§ **WORK INSTRUCTION**
Search the listing below for the line containing "22/10/1918 Company Quartermaster". From there through the line containing "krom nosilec z", transcribe every line exactly, both ends included.

§ **GIVEN DATA**
-- Opening Marker --

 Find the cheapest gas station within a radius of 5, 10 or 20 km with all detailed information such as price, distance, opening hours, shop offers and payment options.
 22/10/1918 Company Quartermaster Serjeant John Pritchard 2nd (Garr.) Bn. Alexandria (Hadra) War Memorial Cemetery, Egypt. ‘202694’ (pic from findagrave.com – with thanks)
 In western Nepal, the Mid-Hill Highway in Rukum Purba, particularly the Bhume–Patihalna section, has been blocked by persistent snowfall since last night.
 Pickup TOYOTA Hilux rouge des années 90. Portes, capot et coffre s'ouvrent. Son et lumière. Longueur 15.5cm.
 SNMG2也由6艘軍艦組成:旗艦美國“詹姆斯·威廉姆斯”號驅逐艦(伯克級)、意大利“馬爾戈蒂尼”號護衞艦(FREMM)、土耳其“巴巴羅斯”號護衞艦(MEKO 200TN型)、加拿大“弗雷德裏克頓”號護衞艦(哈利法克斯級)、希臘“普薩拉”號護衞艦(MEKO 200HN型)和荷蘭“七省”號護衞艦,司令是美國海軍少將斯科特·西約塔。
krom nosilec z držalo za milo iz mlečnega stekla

-- Closing Marker --
-- Opening Marker --

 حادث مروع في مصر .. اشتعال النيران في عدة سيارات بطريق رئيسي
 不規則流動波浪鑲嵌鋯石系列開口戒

-- Closing Marker --

§ **TASK ANSWER**
 22/10/1918 Company Quartermaster Serjeant John Pritchard 2nd (Garr.) Bn. Alexandria (Hadra) War Memorial Cemetery, Egypt. ‘202694’ (pic from findagrave.com – with thanks)
 In western Nepal, the Mid-Hill Highway in Rukum Purba, particularly the Bhume–Patihalna section, has been blocked by persistent snowfall since last night.
 Pickup TOYOTA Hilux rouge des années 90. Portes, capot et coffre s'ouvrent. Son et lumière. Longueur 15.5cm.
 SNMG2也由6艘軍艦組成:旗艦美國“詹姆斯·威廉姆斯”號驅逐艦(伯克級)、意大利“馬爾戈蒂尼”號護衞艦(FREMM)、土耳其“巴巴羅斯”號護衞艦(MEKO 200TN型)、加拿大“弗雷德裏克頓”號護衞艦(哈利法克斯級)、希臘“普薩拉”號護衞艦(MEKO 200HN型)和荷蘭“七省”號護衞艦,司令是美國海軍少將斯科特·西約塔。
krom nosilec z držalo za milo iz mlečnega stekla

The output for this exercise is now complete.